In order to compare the difference between using polymer additive CO2 fluid and using water as drilling fluid, we do the simulation. As in practice, water is difficult to achieve low temperature as a drilling fluid, the injection water temperature is set at 285 K, the injection pressure is 10 MPa, and the injection amount is 10 L/min. The polymer additive CO2 fluid injection temperature is 275 K, and other conditions keep the same.

Figure 6 shows the annulus temperature distribution. Since the specific heat of the polymer additive CO2 fluid is less than the specific heat of the water, it is greatly affected by the seawater temperature. Figure 7 shows the relationship between the annulus pressure and the phase equilibrium pressure. The equilibrium curves of the two are almost coincident. When polymer additive CO2 fluid is used as the drilling fluid, the decomposition position of the hydrate is closer to the wellhead.

4. Conclusions

Based on the above study, we can draw the following conclusions:

(1) Increasing the pressure of injection can get the hydrate decomposition position closer to the annulus outlet.

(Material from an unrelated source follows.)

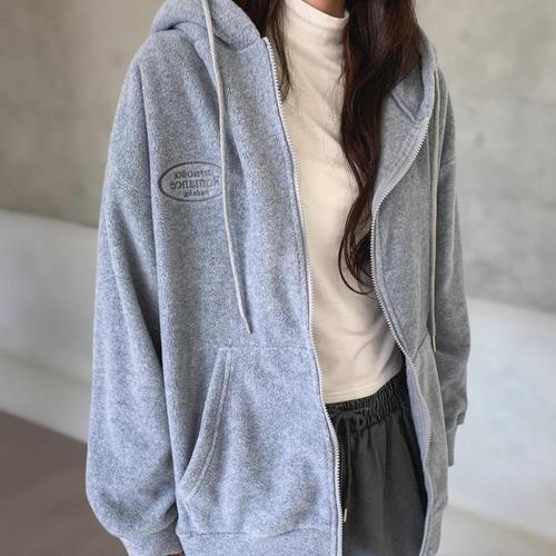 [옷자락]여성 캐주얼 자수 기모 후드 오버사이즈 집업 점퍼

(2) Compared with water, using polymer additive CO2 fluids as drilling fluids, the intersection of phase equilibrium curve and the annulus pressure curve is closer to the annulus outlet, which is obviously beneficial to the implementation of well control.

(3) However, due to the special properties of the polymer additive CO2 fluid, in order to ensure that the polymer additive CO2 fluids do not result in a phase change during the drilling process, it is necessary to increase the pressure and reduce the temperature of the injection CO2; this is very difficult for the equipment. According to the calculation, it is suggested that the injection pressure should not be lower than 10 MPa and the injection temperature should not be higher than 285 K.

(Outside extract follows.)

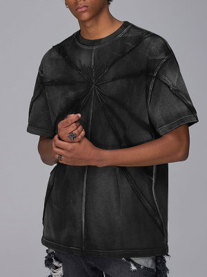Customized Personalized Streetwear - 260GSM Dirty Wash Split Patchwork Box Fit Vintage Embroidered T-Shirt
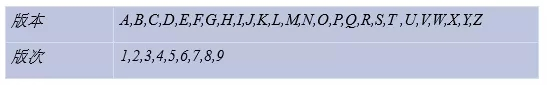 文檔版本由兩段組成,中間用“.”進(jìn)行分割,如A.1。

(4) When the polymer additive CO2 fluid is used as the drilling fluid, the intersection of the phase equilibrium curve and the annulus pressure curve increases as flow rate increases, which is contrary to the conclusion in [4]. The reason is the focus of future research.

Data Availability

All data included in this study are available upon request by contact with the corresponding author.

Conflicts of Interest

The authors declare that there is no conflict of interest regarding the publication of this paper.

Acknowledgments

This research was funded by State Key Laboratory of Petroleum Resources and Prospecting, China University of Petroleum, Beijing, grant number PRP/open-1610 and National Natural Science Foundation of China, grant number 51804267.